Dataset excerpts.

>>>

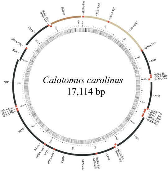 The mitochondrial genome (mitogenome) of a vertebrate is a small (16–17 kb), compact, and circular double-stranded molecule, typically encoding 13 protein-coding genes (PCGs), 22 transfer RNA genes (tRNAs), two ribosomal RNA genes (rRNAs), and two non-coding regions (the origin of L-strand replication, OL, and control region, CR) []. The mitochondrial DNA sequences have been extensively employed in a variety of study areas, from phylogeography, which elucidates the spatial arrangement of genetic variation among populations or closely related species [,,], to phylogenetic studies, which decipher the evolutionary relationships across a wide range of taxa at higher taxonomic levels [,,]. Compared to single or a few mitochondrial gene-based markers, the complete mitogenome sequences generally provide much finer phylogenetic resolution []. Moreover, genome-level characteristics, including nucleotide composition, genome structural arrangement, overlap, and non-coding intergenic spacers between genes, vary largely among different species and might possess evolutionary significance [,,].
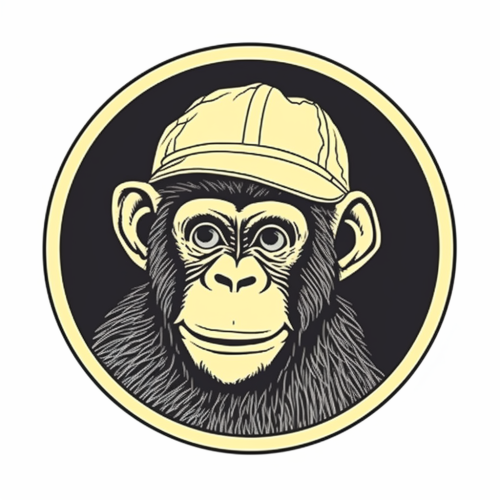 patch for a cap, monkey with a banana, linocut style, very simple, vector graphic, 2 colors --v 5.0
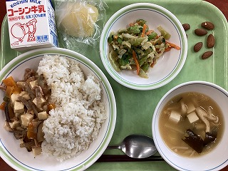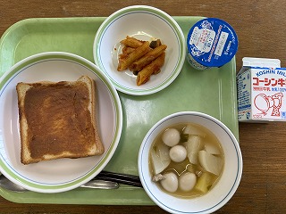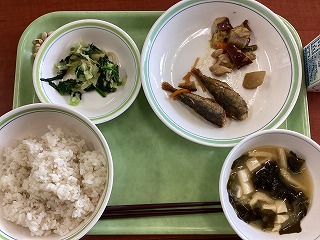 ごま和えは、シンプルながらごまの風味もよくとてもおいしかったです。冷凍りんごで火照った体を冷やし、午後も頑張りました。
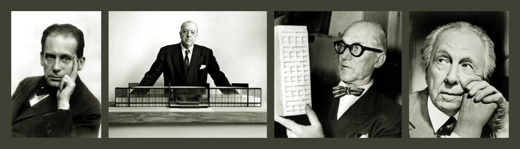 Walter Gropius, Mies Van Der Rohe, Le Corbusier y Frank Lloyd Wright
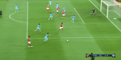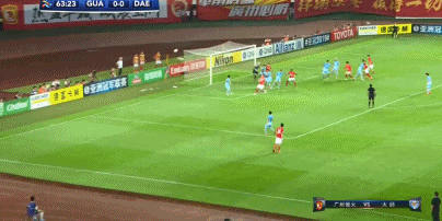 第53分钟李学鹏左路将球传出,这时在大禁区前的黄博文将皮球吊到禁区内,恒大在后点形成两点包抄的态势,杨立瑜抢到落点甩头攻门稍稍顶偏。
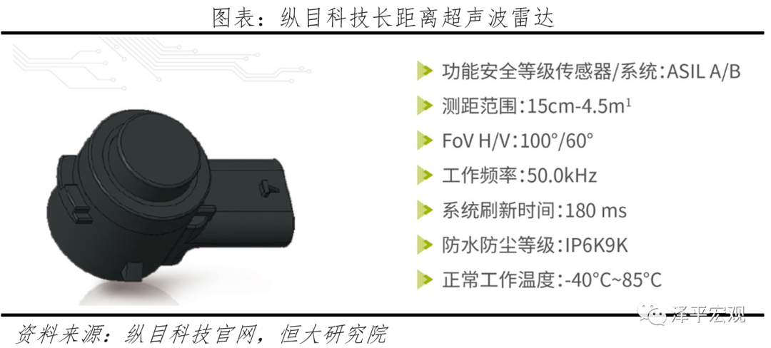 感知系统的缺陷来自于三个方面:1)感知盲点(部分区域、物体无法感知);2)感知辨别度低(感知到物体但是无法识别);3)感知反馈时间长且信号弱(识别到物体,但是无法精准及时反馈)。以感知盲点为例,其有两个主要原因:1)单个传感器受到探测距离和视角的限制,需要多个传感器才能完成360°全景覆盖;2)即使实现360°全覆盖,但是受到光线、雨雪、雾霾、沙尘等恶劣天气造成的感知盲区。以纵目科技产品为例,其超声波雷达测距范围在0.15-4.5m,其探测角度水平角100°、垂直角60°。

<<<

WHAT YOU ARE ASKED TO DO. Reproduce every line above word for word; no images.

RESULT.
 The mitochondrial genome (mitogenome) of a vertebrate is a small (16–17 kb), compact, and circular double-stranded molecule, typically encoding 13 protein-coding genes (PCGs), 22 transfer RNA genes (tRNAs), two ribosomal RNA genes (rRNAs), and two non-coding regions (the origin of L-strand replication, OL, and control region, CR) []. The mitochondrial DNA sequences have been extensively employed in a variety of study areas, from phylogeography, which elucidates the spatial arrangement of genetic variation among populations or closely related species [,,], to phylogenetic studies, which decipher the evolutionary relationships across a wide range of taxa at higher taxonomic levels [,,]. Compared to single or a few mitochondrial gene-based markers, the complete mitogenome sequences generally provide much finer phylogenetic resolution []. Moreover, genome-level characteristics, including nucleotide composition, genome structural arrangement, overlap, and non-coding intergenic spacers between genes, vary largely among different species and might possess evolutionary significance [,,].
 patch for a cap, monkey with a banana, linocut style, very simple, vector graphic, 2 colors --v 5.0
 ごま和えは、シンプルながらごまの風味もよくとてもおいしかったです。冷凍りんごで火照った体を冷やし、午後も頑張りました。
 Walter Gropius, Mies Van Der Rohe, Le Corbusier y Frank Lloyd Wright
 第53分钟李学鹏左路将球传出,这时在大禁区前的黄博文将皮球吊到禁区内,恒大在后点形成两点包抄的态势,杨立瑜抢到落点甩头攻门稍稍顶偏。
 感知系统的缺陷来自于三个方面:1)感知盲点(部分区域、物体无法感知);2)感知辨别度低(感知到物体但是无法识别);3)感知反馈时间长且信号弱(识别到物体,但是无法精准及时反馈)。以感知盲点为例,其有两个主要原因:1)单个传感器受到探测距离和视角的限制,需要多个传感器才能完成360°全景覆盖;2)即使实现360°全覆盖,但是受到光线、雨雪、雾霾、沙尘等恶劣天气造成的感知盲区。以纵目科技产品为例,其超声波雷达测距范围在0.15-4.5m,其探测角度水平角100°、垂直角60°。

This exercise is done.